Zachary Loeber

I eat complexity and am never without a meal.

Exchange 2010 Mailbox Audit Report Script

Exchange 2010 Mailbox Audit Report Script

Recently I’ve released a number of scripts such as the HTML Table Colorizer, Exchange Mailbox Calendar Permission Function, and the Exchange Mailbox GUI. These were all actually created specifically as support scripts for a report generation powershell tool I’ve been working on, the Exchange Mailbox Auditing Tool.

About

The idea from this script came from experience working in multiple exchange organizations which have evolved over the years with different admins, support staff, and Exchange versions. By the time an upgrade to Exchange 2010 is in order some of these email environments may be technically functional but with a ton of “cruft” on the backend which may not be readily visible.

I like to view this kind of accumulated cruft as analogous to a file server which has just been migrated from server to server with the same built up permissions and shares that may have been in place since the NT days. Usually they get migrated like this to just keep things working. And this is not bad, but when it comes time to standardize permission groups and eliminate shares it feels like trying to weed an overgrown lawn.

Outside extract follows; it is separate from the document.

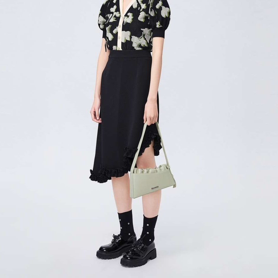 裾のフリルデザインが甘くなり過ぎず、大人っぽさと可愛らしさのバランスが取れています。
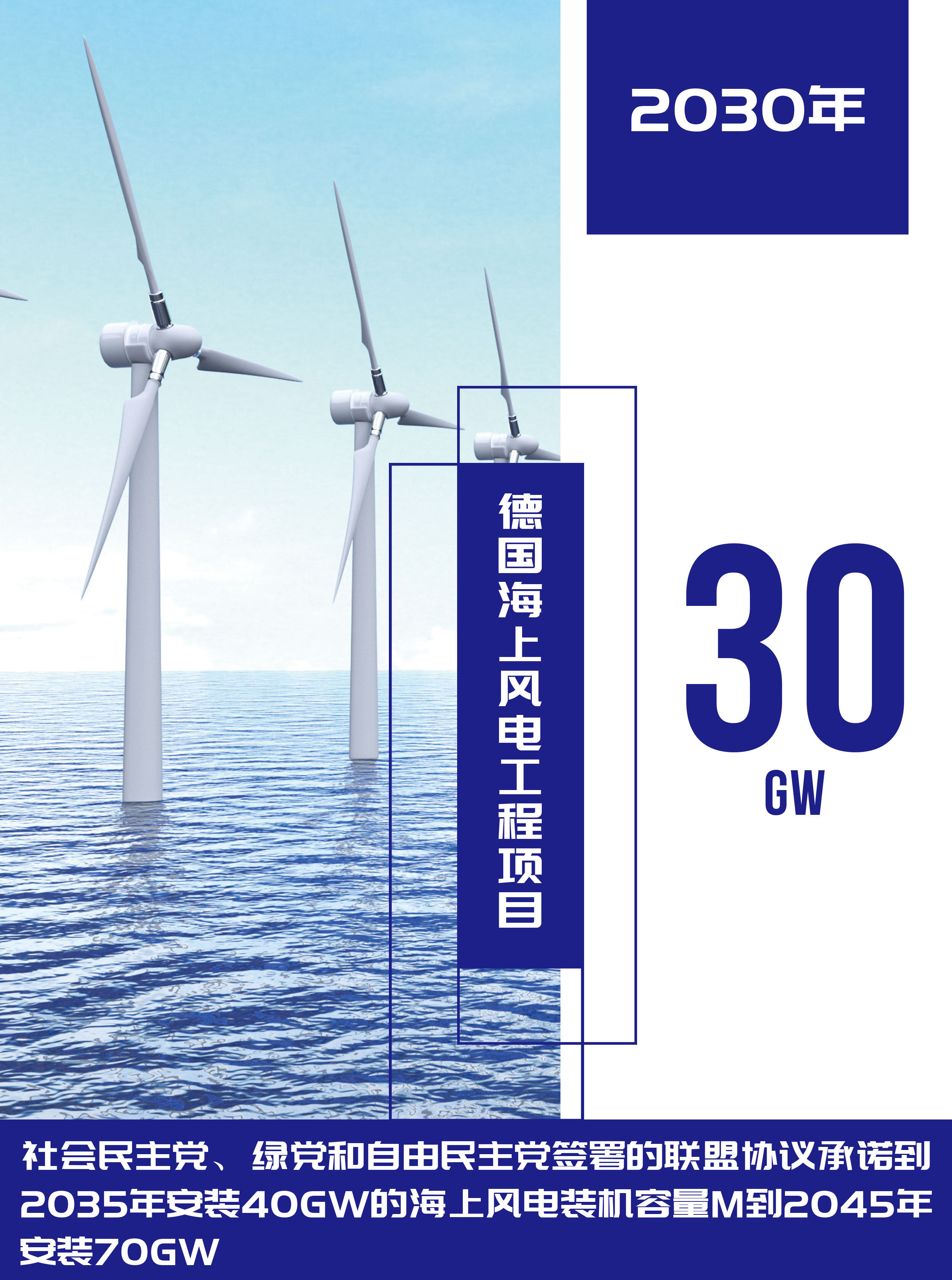 德国新的联合政府设定了到2030年安装30GW海上风电装机容量的目标,高于该国之前的20GW目标。社会民主党、绿党和自由民主党签署的联盟协议承诺到2035年安装40GW的海上风电装机容量,到2045年安装70GW。

Exchange is the same way, over the years permissions get granted, rules get set on mailboxes, and in general time just happens. In the end you may have thousands of users with calendars allowing anonymous reviewer permissions (mix this with federated domains and things can get weird…). You may also have disabled accounts with mailboxes forwarding email out of the domain, or VIP users with mailboxes that have full access, send as, or send on behalf permissions given to users which shouldn’t have them. If you read this far you get the picture.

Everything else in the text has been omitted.